One of the highlights of my research was meeting Cornelia Oberlander. I admired her work at the Museum of Anthropology, the Law Courts and at the VanDusen Botanical Garden and had read extensively about her. Cornelia warmly welcomed me into her Bauhaus style home on Arcadia Road, which was designed by Peter Oberlander and Barry Downs and completed in 1970. We discussed her collaborative work with architectural luminaries including Moshe Safdie and Arthur Erickson over fresh pomegranate juice in her bright sitting room overlooking the ravine. Cornelia told me about her residential projects and decided to take me on a tour of a number of them to experience the sites and the landscapes she designed firsthand. We visited the recently restored Friedman Residence, an exemplar of modern architecture designed by Fred Lasserre for Fred Friedman, the first member of the UBC Faculty of Medicine. The house was featured in the February 1955 issue of Western Homes and Living Magazine. Cornelia described the landscape restoration process and her use of laurel, heathers and other regional plant species to create a low maintenance and sustainable space.

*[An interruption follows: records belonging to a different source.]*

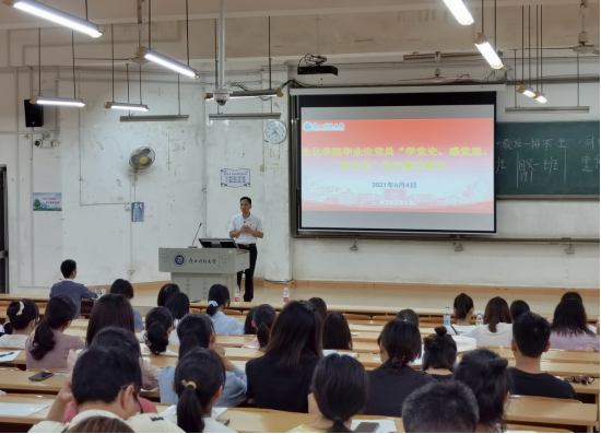 会上,钟兴老师结合《中国共产党廉洁自律准则》、《中国共产党纪律处分条例》和讲述廉洁故事,为毕业生党员讲授党风廉洁教育党课。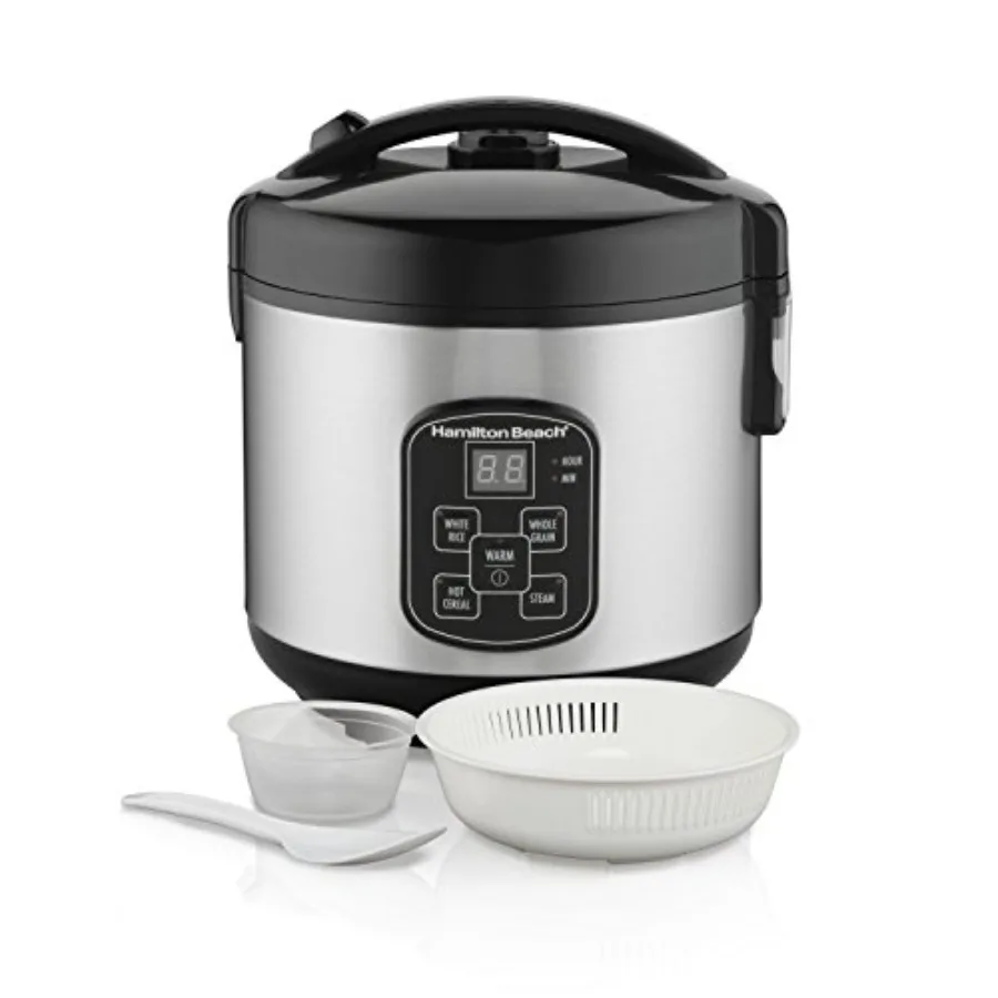 Digital Programmable Rice Cooker Food Steamer 8 Cups Cooked 4 Uncooked With Steam Rinse Basket Stainless Steel (
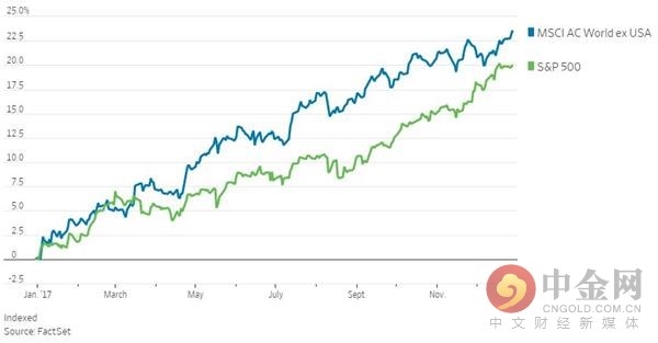 《华尔街日报》援引FactSet数据指出,今年经合组织OECD国家的股市携手齐涨,为2010年以来首次。除美国外的明晟全球指数MSCI ACWI今年将累涨24%,是2012年以来首次比美股标普500大盘表现还要好。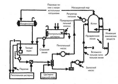 ТОЧКИ ИНЖЕКЦИИ ХИМИКАТОВ ДЛЯ НИЗКОГО ДАВЛЕНИЯ КОТЕЛЬНЫЙ КОАГУЛЯНТ КОНТРОЛЬ КОНДЕНСАТА Condensate Control — нейтрализующий летучий амин для использования во всех котловых системах, использующийся для повышения рН конденсата и пара до некоррозионного уровня (рН 8,3-9,0). Дозировка определяется по результатам ежедневного испытания рН конденсата. Condensate Control должен дозироваться с использованием непрерывной питательной системы. Он может вводиться при использовании измерителя расхода жидкости или дозирующего насоса в спускную трубу конденсатного насоса, теплый ящик, цистерну возврата конденсата или накопительный бак деаэратора. Condensate Control может дозироваться вместе с поглотителями кислорода. Однако оптимальное регулирование рН конденсата достигается при дозировании отдельно от системы дозировки гидразина. Дальнейшие рекомендации по дозировке продукта и предельным концентрациям смотрите в Справочнике морских химикатов. Boiler Coagulant — это полимерное соединение, используемое в котлах, загрязненных небольшими количествами масла, или в качестве кондиционера отстоя совместно с использованием контроля жидкости, когда испытываются высокие уровни твердых частиц. Boiler Coagulant должен дозироваться в количестве 250 см3 в день. Не нужны никакие испытания, если он применяется регулярно. Рекомендуется ежедневная быстрая продувка, чтобы удалить выпавшие в осадок твердые частицы или коагулянтное масло. Дальнейшие рекомендации по дозировке продукта и предельным концентрациям смотрите в Справочнике морских химикатов Следующая схема показывает типичную котловую систему низкого давления. Заметьте точки инжекции для химических веществ; при дозировке химикатов рекомендация для достижения наилучших возможных результатов — это всегда дозировать все химикаты в разбавленном виде на постоянной основе. 1. Дозировка в теплый ящик или питательную систему. Все химикаты должны до зироваться в этих точках. Однако, рекомендуемая дозировка контроля щелочности и контроля жесткости — это либо питательная линия № 2, либо инжектирование химических продуктов № 3 непосредственно в питательную цистерну на непрерывной основе. Все комбинированные продукты должны дозироваться в теплый ящик. 2. Дозировка в точку инжектирования № 2 требуется в питательную линию при помощи инжектора давления или дозировочного насоса. Дозирование должно быть непрерывным, однако вода должна подвергнуться ударной обработке.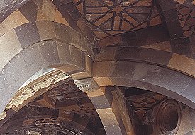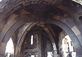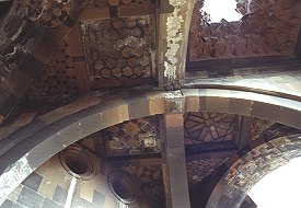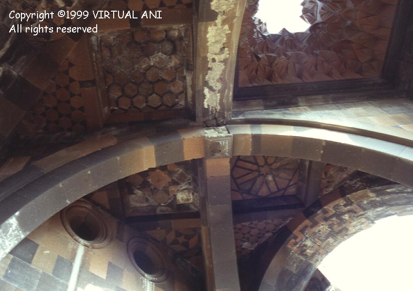 Merkezi kubbenin ağırlığını hafifletmek için boş toprak kaplar kullanılmıştır. Kubbenin konik çatısının dilimlerinde nar ve üzüm salkımı oyması varmış. Dört köşedeki şapeller, küçücük kiliselere benzermiş - her birinin apsisi ve incelikli iç yapısı varmış. Hatta ve hatta, iki doğu şapelin kendi yan hücreleri dahi varmış. En ilginç tarafı, dört yan şapelin her birinin alınlı kubbe ile örtülmüş olmasıdır; bu da bu kilisenin tasarımını türünün yegane örneği kılar. |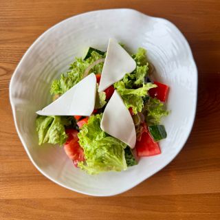 Состав: помидоры, огурцы, перец болгарский, редис, зелень.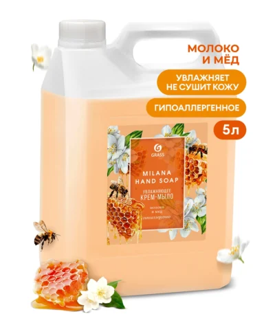 нанести небольшое количество мыла на кожу, добиться образования пены и смыть водой. Используется в дозаторах жидкого мыла.Крем-мыло жидкое увлажняющее «Milana молоко и мед» (канистра 5 кг)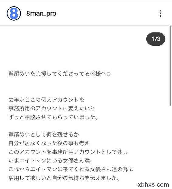 8MAN发了一篇公告,意思是说鹫尾めい(鹫尾芽衣)已经在考虑以后不做(AV女优)的事,所以决定即刻起将自己的IG变成事务所的帐号: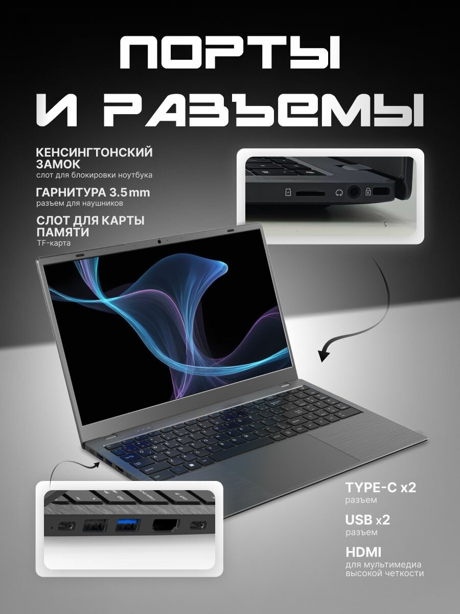 Ноутбук 15,6" Intel N95 RAM 16Гб 2TB SSD NVME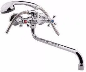 Двозахватний змішувач Potato P2365 для ванни та душу встановлюється на стіну горизонтальним способом. Управління гарячою та холодною водою здійснюється окремими кранами-буксами, а перемикання на душ — за допомогою окремого важіля, вбудованого в корпус.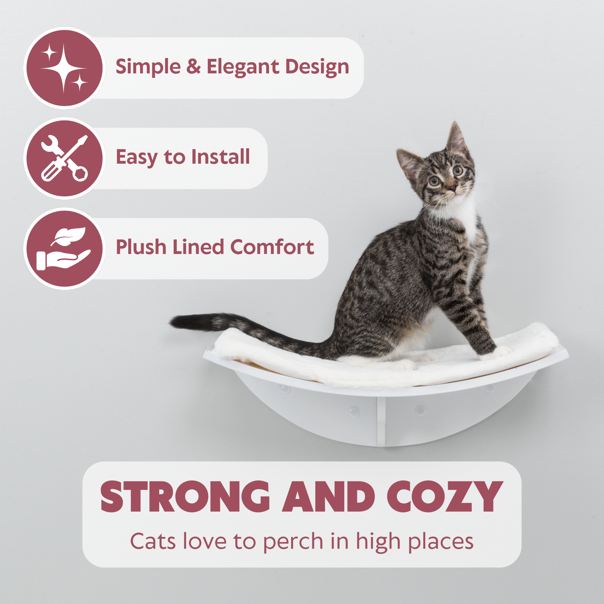 - Plush Perch - cats love nothing more than to snuggle up after playtime; the plush lined perch provides maximum comfort for your furry friend to peacefully relax, lounge, or nap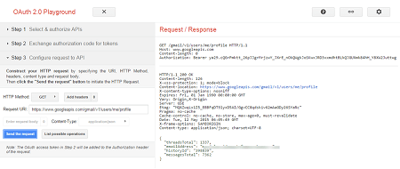 • To use Google APIs, you need to import the appropriate web service. Go to https://developers.google.com/oauthplayground/, select the required API and get the Authorization key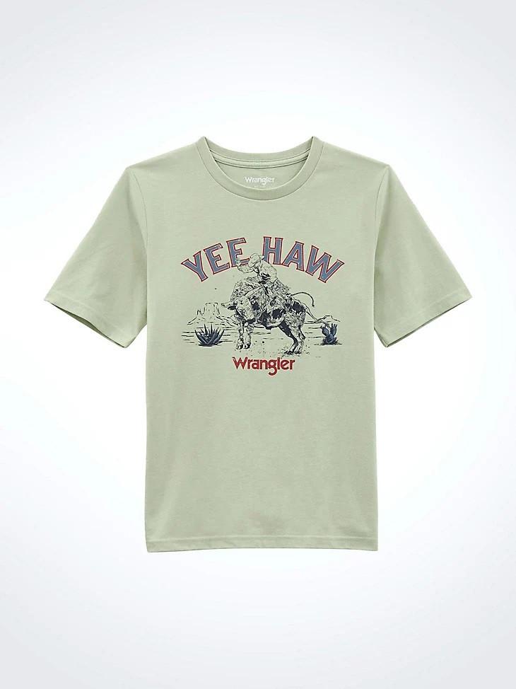 Start wearing iconic clothing young. These graphic tees exude Wrangler's iconic, all American style. Bold colors and slightly distressed images give these vintage-inspired tees a classic look that your little guy will be eager to wear.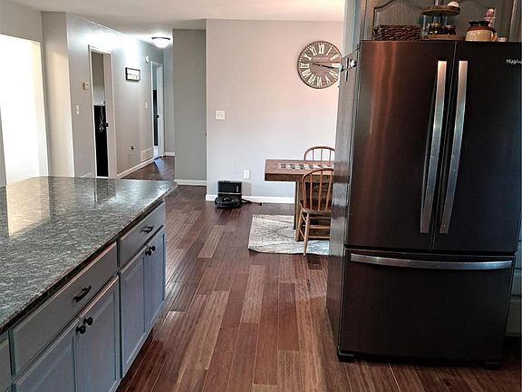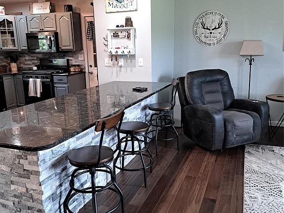 Nestled on approximately 2.75 acres in a beautiful country setting, this 1500 sq. ft. home on the main floor and 1400sq. ft. in the basment, features many updates. The main level offers an open floor plan with hardwood floors, a kitchen with stainless steel appliances, granite countertops, and a pantry. Enjoy the spacious living room and walk out from the dining room to a new 12x34 deck with stunning views. The primary bedroom includes a full bath with a walk-in shower. Two more bedrooms, a full bath, and a laundry room complete the main level. The refrigerator, stove, microwave, and washer/dryer can convey. The finished walk-out basement boasts a 4th bedroom, 3rd full bath, family room, rec room, and storage. The backyard is suitable for a pool. An oversized two-car garage with extra parking space outside completes this exceptional property. Come and see!

Cornelia also gave me a tour of the Oberlander Residence. The open spaces and the unexpected color palette of white walls, mustard yellow accent walls, bright red rugs and the sleek black chairs co-designed by Le Corbusier and Charlotte Perriand captivated me.  My morning with Cornelia was enthusing and provided me with a great deal of material for the exhibition and I am looking forward to the next chapters of its development.

 

Chanel Blouin is the 2015 Museum Assistant at the JMABC, where she is developing the exhibit, New Ways of Living: Jewish Architects in Vancouver, 1955-1975. This position has been made possible through the generous support of the Government of Canada’s Young Canada Works Program.